Итак, куда мы заехали? В какую глушь? И в какой закоулок? Николай Васильевич, милый, что бы сказала сейчас твоя светлая тень? Доедет все-таки колесо или не доедет?..
Судя по всему, оно опять утопло в вязкой жиже, забуксовало. Православное царство лихорадит. Надо вытащить, надо напрячься всем миром, отечество в опасности!..

Так думало мое ментальное тело, летая в день святого апостола Фомы над пустынной площадью губернского города NN. Мысль моя была, видимо, интенсивна, пронзительна и популярна, потому что мужики, вышедшие на крыльцо кабака освежиться, тут же мигом ее услышали и подхватили, развивая. После их первых реплик я понял, что мужички врубились и мысль моя не пропадет втуне, и, удовлетворенный, полетел домой. А их философический поединок предоставляю вашему вниманию.

– Да что произошло-то? Подумаешь, колесо! Делов-то.
– Э, нет. Легкомыслен ты, брат, диалектики не просекаешь. А диалектика тут в том, что колесо-то православное, а лужа, то бишь грязь уличная, нет.
– Как нет? Да ведь улица нашему околотку принадлежит. Наша улица, спокон веку наша.
– Опять ты не в диалектике!.. Ты не схемой думай, а реальностью, различай между ними. Тут – тема! Недаром один умный писатель недавно книгу так и назвал: «Карта и территория». Карта – это схема, которая меняется да уточняется почти каждый день, это тебе любой картограф скажет. А территория – это живая реальность под ногами, которая карту не то что каждый день – каждую минуту отрицает! Так вот все, что на карте указано, это наше, и Мурома, и лес муромский, и колея муромская, а возьми территорию, так ты в ней много такого найдешь, чего и на чужих картах хватает – вода, воздух, пыль, грязь, навоз и микробы, и еще немало подобного, что все карты на Земле в одну территорию собирает. Дошло?

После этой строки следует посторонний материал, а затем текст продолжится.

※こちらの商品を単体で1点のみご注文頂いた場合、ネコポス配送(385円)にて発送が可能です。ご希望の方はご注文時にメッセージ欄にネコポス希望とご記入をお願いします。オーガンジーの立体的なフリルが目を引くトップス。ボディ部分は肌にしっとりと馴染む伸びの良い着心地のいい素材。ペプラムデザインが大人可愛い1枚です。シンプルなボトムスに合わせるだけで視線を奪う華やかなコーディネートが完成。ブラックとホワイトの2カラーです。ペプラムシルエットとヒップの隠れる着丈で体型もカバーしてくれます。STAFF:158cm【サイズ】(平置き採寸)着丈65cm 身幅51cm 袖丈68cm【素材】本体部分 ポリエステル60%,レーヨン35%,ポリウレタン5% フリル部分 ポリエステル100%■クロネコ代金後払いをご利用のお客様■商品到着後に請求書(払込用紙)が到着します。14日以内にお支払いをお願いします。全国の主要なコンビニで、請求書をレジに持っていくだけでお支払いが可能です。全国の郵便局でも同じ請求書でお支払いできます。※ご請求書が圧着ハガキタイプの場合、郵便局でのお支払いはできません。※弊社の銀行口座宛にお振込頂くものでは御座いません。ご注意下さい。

– Дошло-то дошло, да из-за чего паника-то? Нешто всем народом-государством надрываться надо из-за одного плёвенького колесишка, а? Ведь смех берет, до чего обмельчали тревоги да подвиги наши! Раньше-то, вспомни, те ли масштабы были? Человек в одиночку на Змея Горыныча хаживал! Державе и пальчиком шевелить не надо было. Или Евпатий Коловрат – шутки ли, дивизию басурман как котят передушил! А дальше – и не сосчитать: Москву сожгли, супостату не отдали, Тугарина сломали, Гагарина вверх запустили, космос взяли! А тут – колесо…
– Так я тебе и говорю, колесо-то не простое, а православное, и в этом вся беда, то есть сложность вопроса. Православное, понимай, это – особое, не какое-нибудь там левославное или бесославное. Это тебе не руками махать, левая, правая! Тут – душа. А душа, сам понимаешь, всему передается и все освящает. Вот, колесо, например…

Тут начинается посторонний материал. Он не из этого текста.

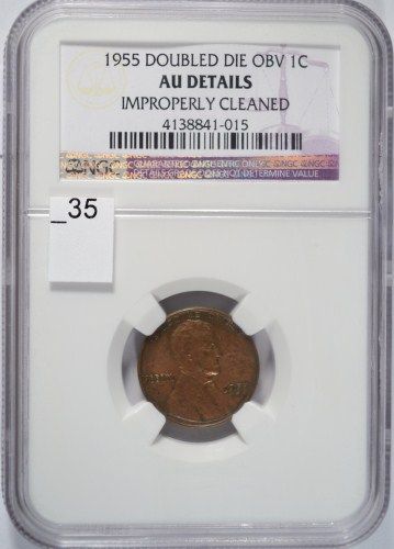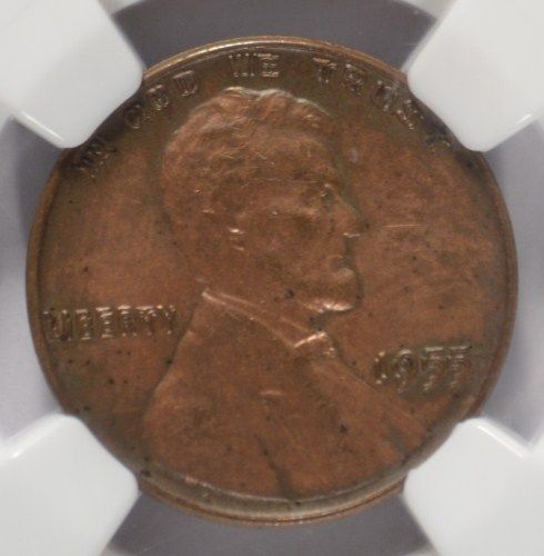1955/55 LINCOLN ONE CENT NGC AU, LIGHT CLEANING, ITS AU58

– Да что ты заладил – колесо да колесо? Ты лучше скажи, чем твоему православному колесу наша улица не угодила? Разве оно не на то существует, чтобы по лужам катиться да грязь месить?
–  Ну голова садовая! Каким местом слушаешь? Соображай! Лужа по карте, положим, и наша, в известной местности лежит, да ведь грязь-то в ней из чего составилась? А? То-то! Влага космическая да прах мировой, да бацилла, да дым, да копоть, да гарь, да прочая зараза из биосферы прет, а ведь она, биосфера-то, совсем не православна, границ не признает, традиций не придерживается, да и к культуре равнодушна. Вот и поговори с ней попробуй! Одно слово – прет.

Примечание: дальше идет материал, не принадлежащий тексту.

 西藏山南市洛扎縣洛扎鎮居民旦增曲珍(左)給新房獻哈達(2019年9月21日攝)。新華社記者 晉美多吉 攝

– Да и пусть прет! Плевать. Ведь жили же раньше, и ничего. И грязь та же самая в той же луже была, и зараза, и биосфера, а колесо катилось и катилось и на православие не ссылалось.
– Еще раз говорю, парень, легкомыслен ты. А почему? Потому что недалек. Мало знаешь, потому тебе все легко да просто кажется. Так слушай. Мир меняется всегда, каждую секунду. Но об этом мы узнали совсем недавно, потому и беспечные раньше были, меньше знали да крепче спали. И о биосфере только сто лет назад догадываться начали. А ведь были времена, когда даже грязь, и та была совсем другая, мало сказать, у нас, она по всей Земле была единая, наша, православная. Не веришь? Библию читай! Черным по белому писано, взял Господь наш землицы в руки, поплевал на нее, да и помазал этим глаза слепому, тот и прозрел. Вот тебе и грязь!.. А ты говоришь, та же самая.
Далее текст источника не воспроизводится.